We have already made high quality submissions to the Dail which have been distributed to Oirechteas members and as we do more and more of this work we want to become recognised as a place TDs can go for a market perspective, for innovative solutions and honest analysis.
Media
In a world where traditional print and broadcast journalism is under ever more pressure fewer journalists are being asked to do more work than ever before. The vast majority of the NGOs, think tanks and academics in Ireland are singing from the same hymn sheet, so it is hardly surprising that there is a univocal quality to Irish news reporting. The EBI has been working to increase its media presence and to position itself as the “go to” organisation for free-market , “right-of-centre” material.
The University
The diminishing diversity of the University across the developed world has been well documented. A fairly liberal student body is taught by a very liberal professorial. However, we know that there are conservatives going to college. A good third of students will still self identify as centre/centre right.

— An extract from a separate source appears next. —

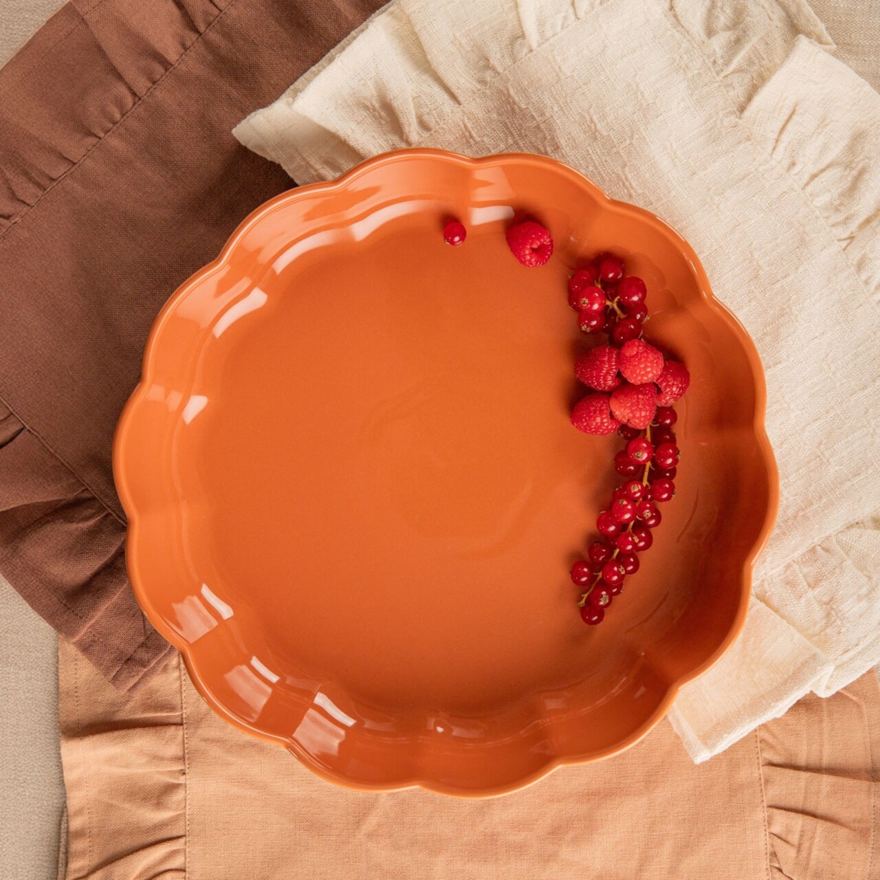 Vasul BRISA, de forma rotunda, incanta prin simplitatea formei si finisajul subtil. Ofera un fundal excelent pentru preparatele servite si le confera un aspect apetisant. Marginea ondulata confera ansamblului un caracter decorativ, iar nuanta calda face ca masa sa devina imediat primitoare si invitanta.

But they are not being supported. The lament is not that students think conservative ideas are bad but they don’t know that there are conservative ideas.
For the last two years the EBI has been working on a series of interactive seminar style classes lasting variously a half day, a day, and a weekend for university students.
We have crafted modules to introduce young people to novelists, poets, philosophers, and social scientists with a right of centre world view. Also we work on the practical skills of persuasion, debate, organisation and marketing.
We are working with our young friends in third level institutions across the island and are will not be restricting this work to Dublin or to the traditional 5 universities.
In addition to our own efforts we have brought to Ireland for the first time one of the United States most prestigious leadership programmes which we did in Dublin with a large number of students. Hopefully by next year it will be possible to repeat this exercise.
The traffic has gone the other direction too as we have brought Irish students from a variety of political perspectives to the YAF conference in Washington DC. The mission was a great success and we plan to continue this project into the future.
In light of the pandemic we are looking at creating online opportunities to work on the literature of conservative thinkers and artists, economists from the market tradition, seminars on the culture today and practical work on communications skills.